Türkiye Gençlik Vakfı (TÜGVA) Yüksek İstişare Kurulu Üyesi Bilal Erdoğan ve TÜGVA Genel Başkanı Enes Eminoğlu, TÜGVA Antalya İl Temsilciliği’nin kıraathane açılış törenine katıldı.
Törende Antalya Büyükşehir Belediye Başkanı Menderes Türel, AK Parti Antalya İl Başkanı Av. İbrahim Ethem Taş, AK Parti Antalya Milletvekili Mustafa Köse de hazır bulundu.
Saygı duruşunun ardından İstiklal Marşı’nın okunduğu tören, Kur’an-ı Kerim tilavetiyle devam etti. Bilal Erdoğan, açılışın Antalya’ya hayırlı olmasını diledi.

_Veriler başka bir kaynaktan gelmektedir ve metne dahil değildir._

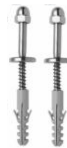
Parafuso de Fixação INOX com Bucha p/ Vaso Sanitário B08 - B10 - B12
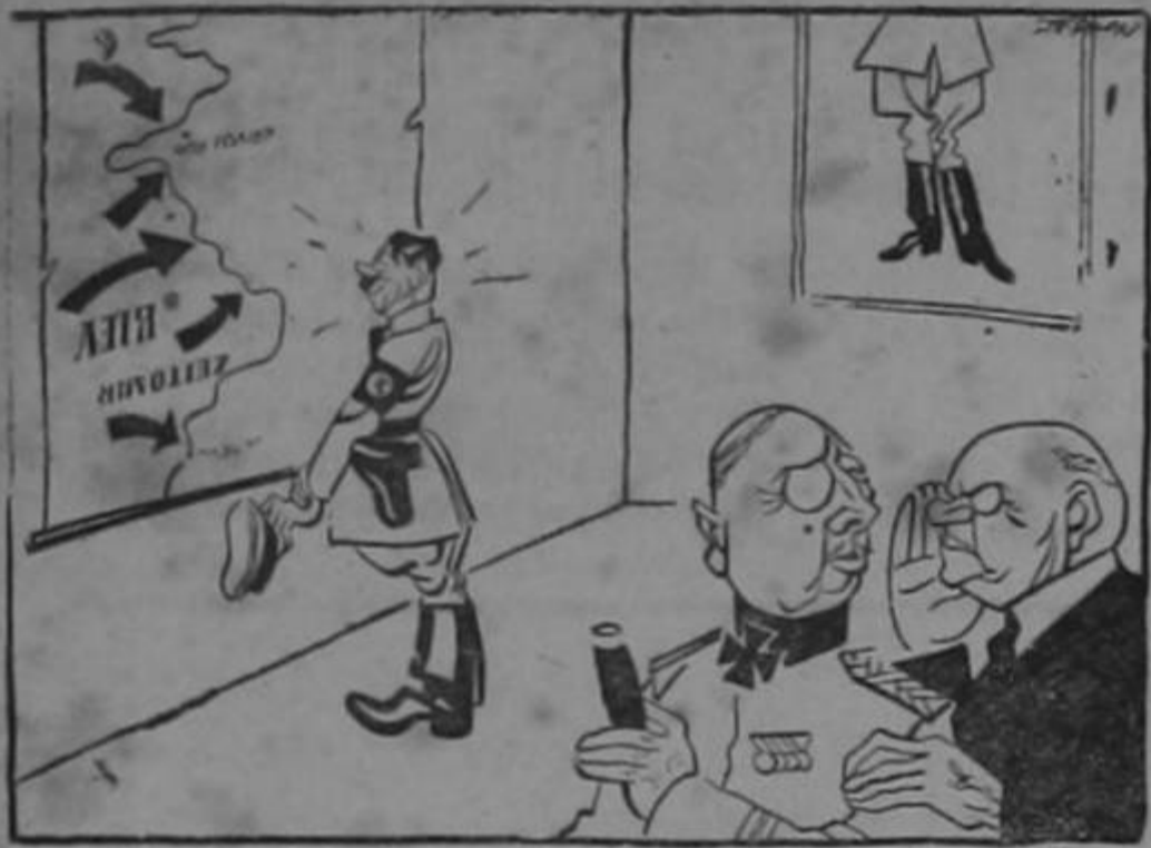
“...Ssssh! Hemos vuelto el mapa al revés para que se crea que estamos avanzando...”
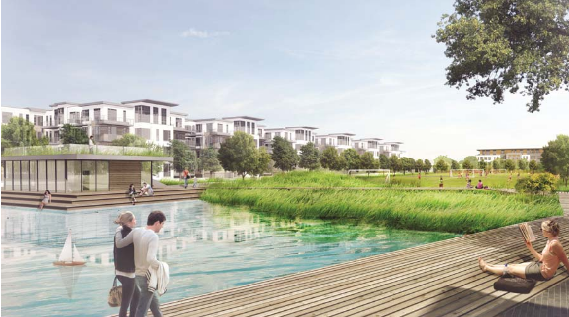
Vue d'ensemble de la seconde section du canal Est-Ouest dans le projet Cap-Nature et du pavillon de la ville de Montréal

Après avoir profité des différentes installations municipales autour du lac, les résidents pourront poursuivre leur parcours à travers les multiples sentiers qui longeront l'actuel ruisseau A qui les conduira dans un premier temps jusqu'à la première des trois écoles primaires avant de les mener jusqu'à l'entrée principale du parc de conservation, dans une ambiance plus naturelle, au milieu des hautes herbes.

Erdoğan, Antalya’nın sadece şehrin imarını değil, neslin de ihyasını düşünen, sadece yapıları üst üste koymak için değil, gönülleri birleştirmek için çalışan bir başkanı olduğunu kaydetti.
“Bizim öz kültürümüz bu mirastır”
Çok büyük bir medeniyetin mirasçıları olduklarını kaydeden TÜGVA Yüksek İstişare Kurulu Üyesi Bilal Erdoğan, “600 yılı aşkın Osmanlı İmparatorluğu yıkıldı, düşmanları onu bugünkü topraklarına sıkıştırdı. Bizler Türkiye Cumhuriyeti’ni inşa ederek özgürlüğümüze kavuştuk. Bu özgürlük tek yönlü bakılmaması gereken bir hadise. Kendi bayrağınız, İstiklal Marşınızı, sınırlarınızı sağlarsınız ama ülkenin kendi kararlarını verebilen bir ülke olması bambaşka boyuttur. Dünyada dış politikada savunmada kendi karalarını verebilen ülkenin fazla olmadığını görürsünüz. Bugün gelişmiş ülkelerde bile 50-60 bin Amerika’nın askerinin olması bunun bir örneğidir. Ülkemizin kendi kararlarını verdiği dönemde cendere altına alınmasından bunu yakınan görüyoruz. Şimdi bizim Cumhuriyetimiz hakikaten önemli bir medeniyetin mirasçıdır. Bu mirasla geleceğimizi kurmak önümüzdeki yol, mirası reddederek yol seçmek başka bir yol. Bizim öz kültürümüz bu mirastır. Bu kültürün içerisinde Evde anneanneyle, dedeyle kurulan ilişkilerden, mutfak adabımıza varıncaya kadar, dinlediğimiz müziklerden, halk oyunlarına varıncaya kadar her şeyi bunun içinde değerlendirmeliyiz. Biz Türkiye olarak 21. Yüzyıl’da kendi değerlerini taşıyan bir ülke mi olacağız, yoksa Avrupa’nın Amerika’ya benzemeye çalışan bir ülke mi olacağız? Özgürlük, bağımsızlık meselesinde bu çok kritik” ifadelerin kullandı.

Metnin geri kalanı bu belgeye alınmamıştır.